Artificial Estimators

19 May 2024

Throughout the history of programming, engineers have grappled with estimating the effort needed to develop software. Achieving precision, accuracy, and confidence in these estimates has proven challenging, often resulting in either overestimating or underestimating project timelines and costs. Software engineers’ implicit and explicit biases play a significant role, causing them to miss the mark frequently.

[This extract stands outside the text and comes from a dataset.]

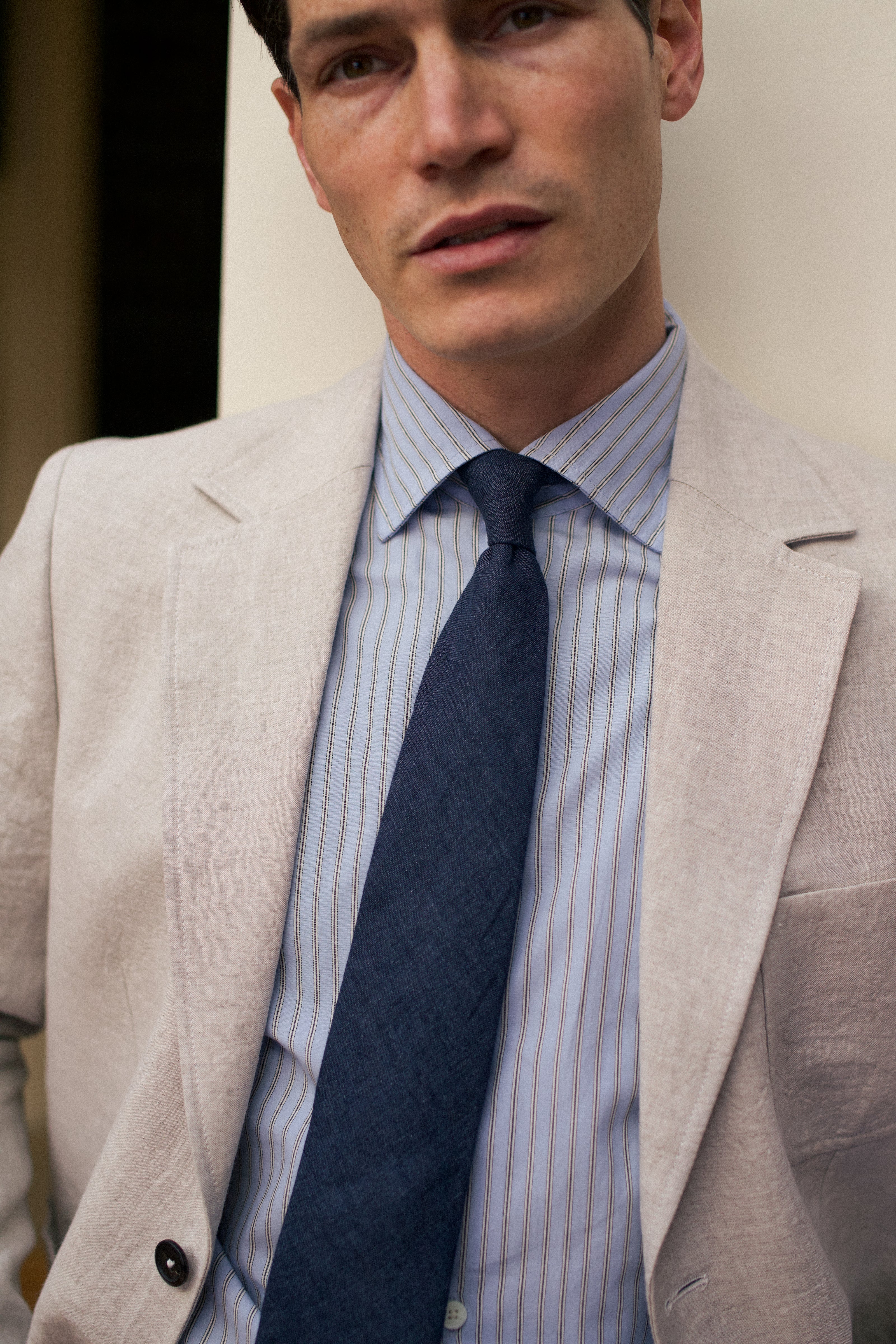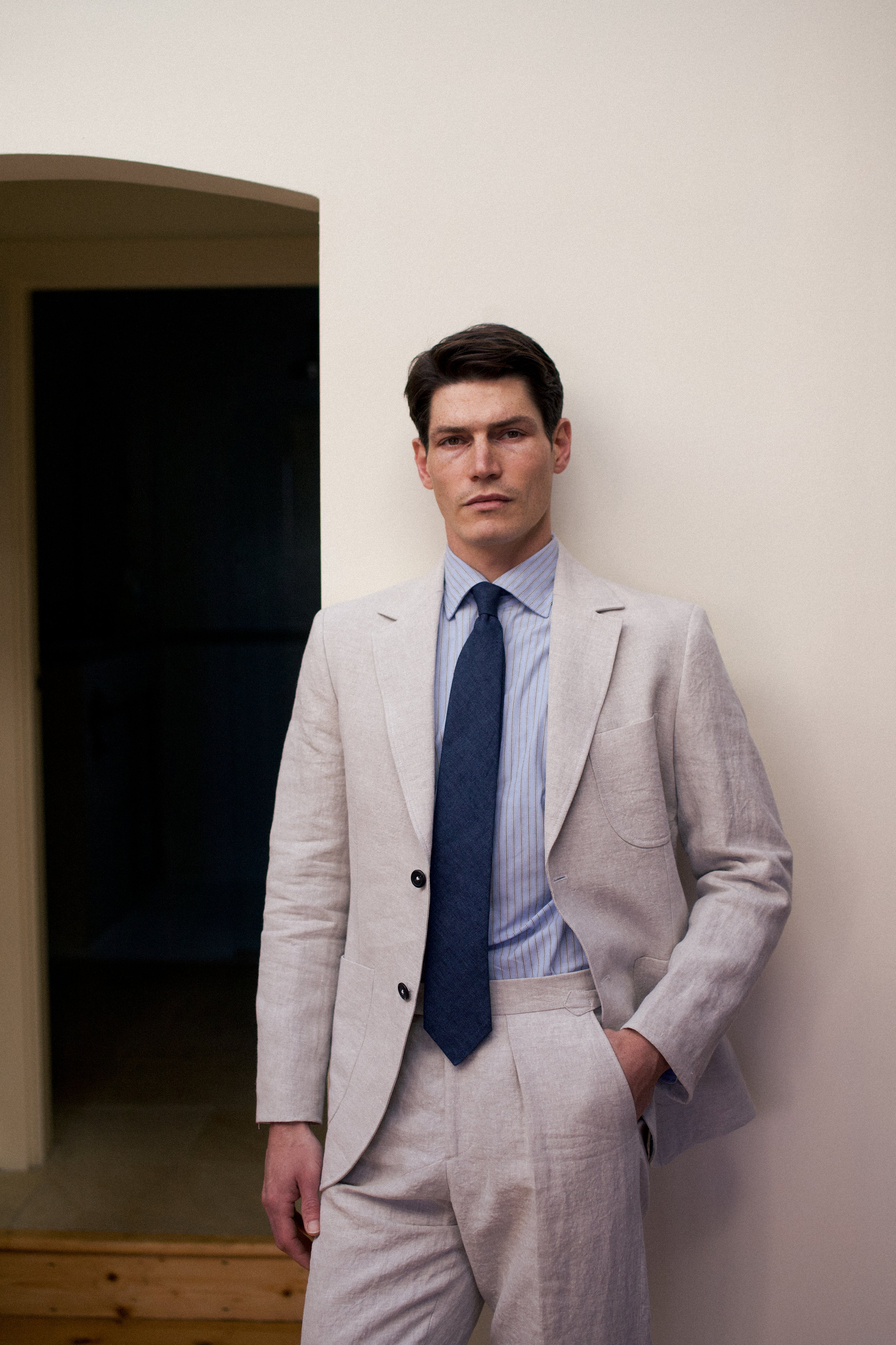 Sam wears the Laundered Linen Suit Oatmeal, an Organic Cotton Blue Bar Stripe Formal Shirt and a Denim Blue Linen Tie.

Halkjelsvik and Jorgensen (2012) shed light on the prevailing issues within this domain, revealing that deviations exceeding one-third of the initial estimate were frequent occurrences. Many estimation models have been developed over the years, such as COCOMO, ONSET, and FPA, with the primary aim of aiding project teams in making more accurate estimates for software development projects. Other models have provided frameworks and guidelines for estimating effort and cost at the software development task level, which will be the focus of this study.

This study delves into the possibility of training a machine learning (ML) system using a large language model (LLM) to generate accurate and reliable estimates within a desired confidence level, thereby addressing one of the long-standing challenges in software engineering. This study will source historical data from companies and organizations that keep records of their estimations and resulting actuals. Historical data consisting of functional specifications with estimated and actual time train the expert system and data not used in training tests the expert system. This study will compare the resulting estimates against the original data and analyze for precision, accuracy, and confidence level.